■ Raw data
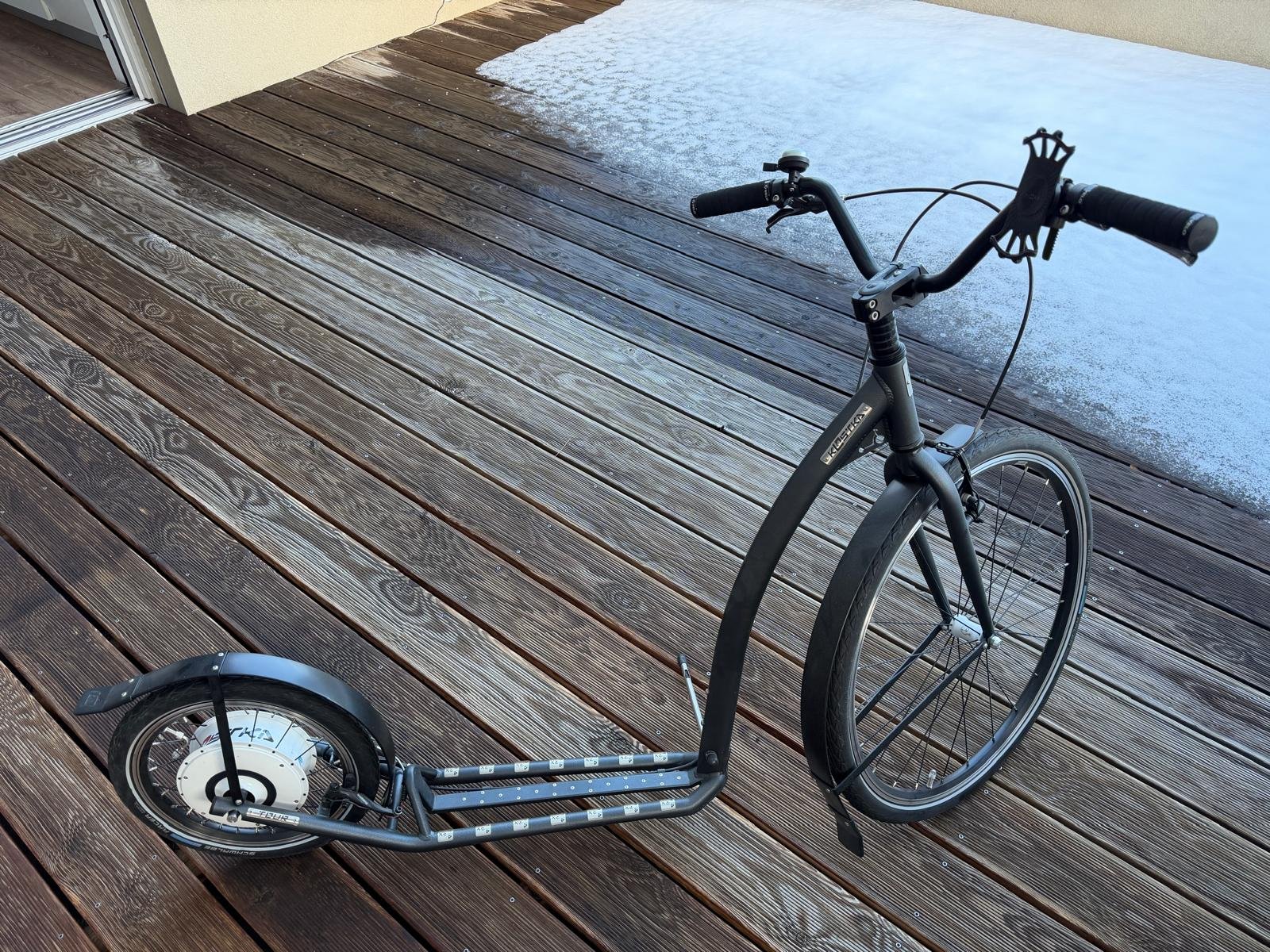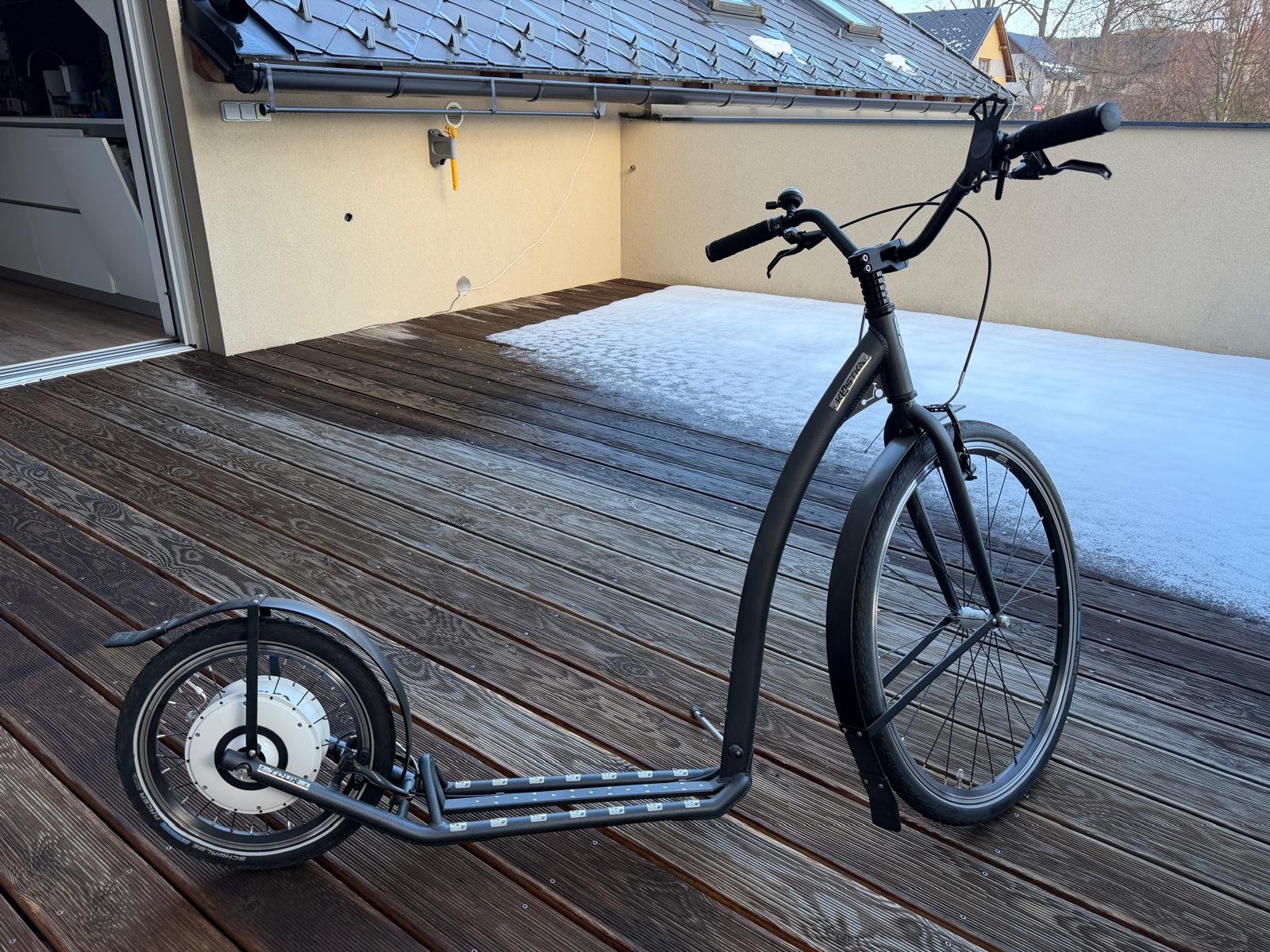 Prodám elektrokoloběžku Kostka e-tour max. Kola 26/16 palců, koloběžka má najeto cca 40 km. Koloběžka umí jet sama do 5km/h. Je to tedy koloběžka pro lidi co chtěli normálně jezdit a chtějí jen přípomoc na delší cesty, kde motor potom pomáhá do rychlosti 25km/h. Ke koloběžce přidám brašnu, blatníky a zvonek.
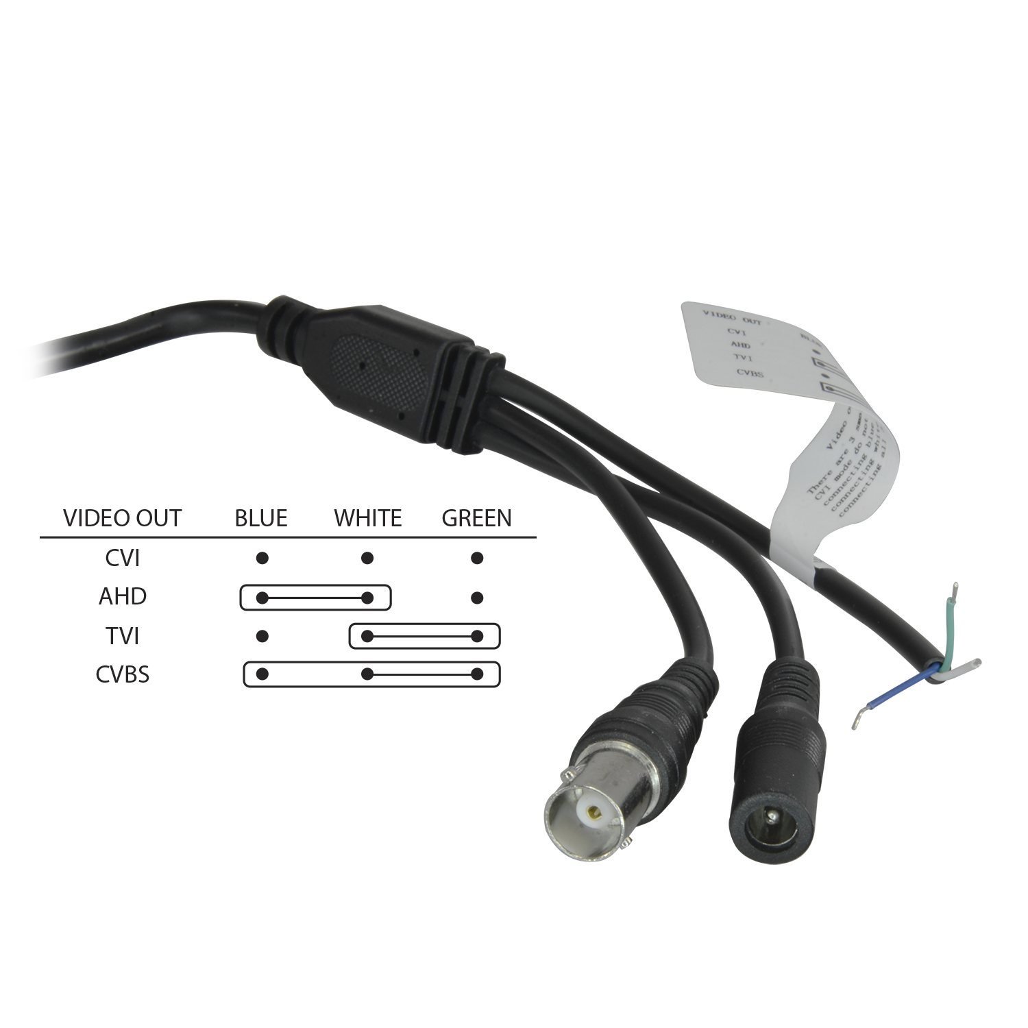 Połączenie wideo BNC w formatach HD HDTVI / HDCVI / AHD oraz w standardowym formacie analogowym CVBS do testu wideo, przełączane przełącznikiem przez połączenie 3 wątków.
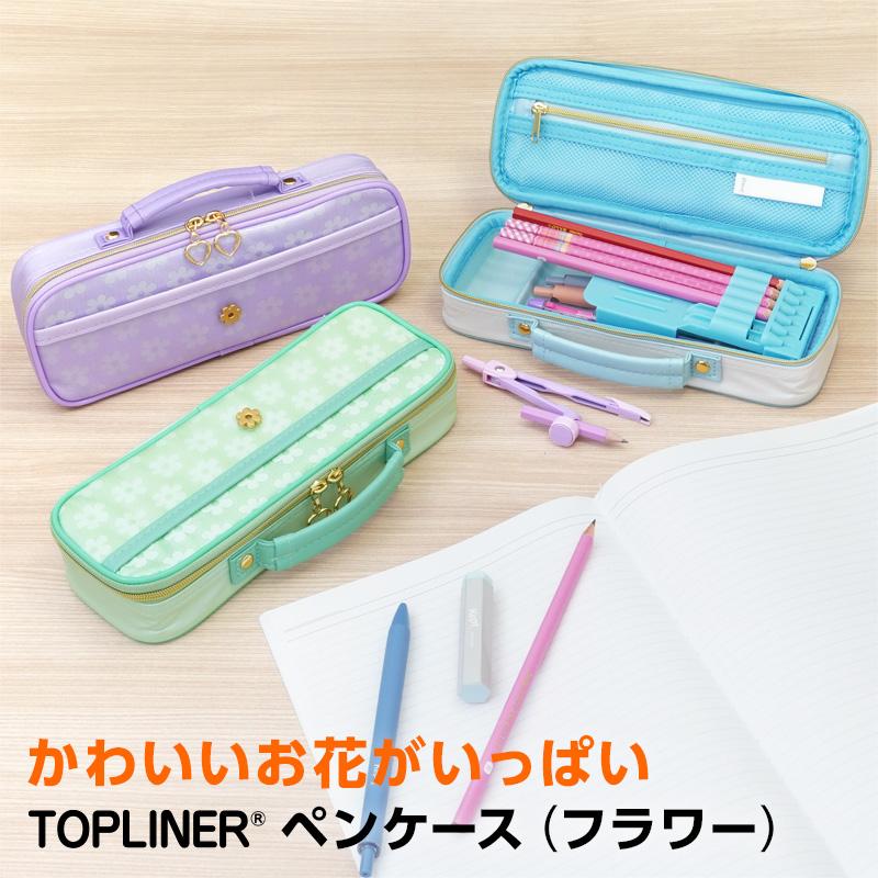 筆箱・筆入れ トップライナーペンケース(フラワー)大容量 おしゃれ ハート 子供 小学校 女子 2025限定
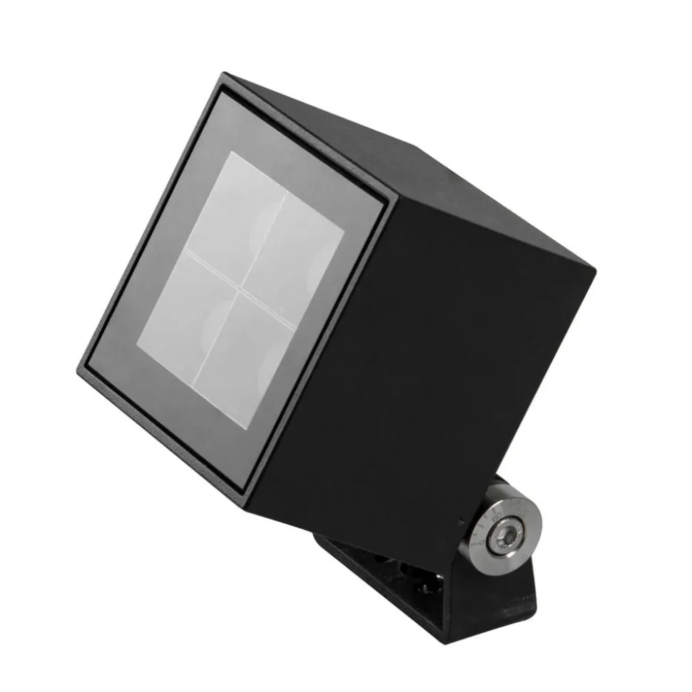Blokk zwenkbare LED buitenspot voor opbouw Deze LED spot zet sculpturen, gevels en andere buitenelementen vakkundig in scène. De vierkante kop van zwart aluminium en met een glazen afdekking is draaibaar gemonteerd op de montagesokkel zodat de lichtuitstraling kan worden gericht volgens de hoogte van het te verlichten oppervlak. Blokk kan op het betreffende oppervlak worden vastgeschroefd. De buitenspot heeft een weerbestendig en robuust ontwerp – Stralingshoek: 36° – Zwenkhoek: 90° – Beschermgraad: IP65 – Slagvastheid: IK07 – Inclusief voorschakelapparaat

■ Assignment
Output a faithful copy of the data, with each picture left out.

■ Response below
 Prodám elektrokoloběžku Kostka e-tour max. Kola 26/16 palců, koloběžka má najeto cca 40 km. Koloběžka umí jet sama do 5km/h. Je to tedy koloběžka pro lidi co chtěli normálně jezdit a chtějí jen přípomoc na delší cesty, kde motor potom pomáhá do rychlosti 25km/h. Ke koloběžce přidám brašnu, blatníky a zvonek.
 Połączenie wideo BNC w formatach HD HDTVI / HDCVI / AHD oraz w standardowym formacie analogowym CVBS do testu wideo, przełączane przełącznikiem przez połączenie 3 wątków.
 筆箱・筆入れ トップライナーペンケース(フラワー)大容量 おしゃれ ハート 子供 小学校 女子 2025限定
Blokk zwenkbare LED buitenspot voor opbouw Deze LED spot zet sculpturen, gevels en andere buitenelementen vakkundig in scène. De vierkante kop van zwart aluminium en met een glazen afdekking is draaibaar gemonteerd op de montagesokkel zodat de lichtuitstraling kan worden gericht volgens de hoogte van het te verlichten oppervlak. Blokk kan op het betreffende oppervlak worden vastgeschroefd. De buitenspot heeft een weerbestendig en robuust ontwerp – Stralingshoek: 36° – Zwenkhoek: 90° – Beschermgraad: IP65 – Slagvastheid: IK07 – Inclusief voorschakelapparaat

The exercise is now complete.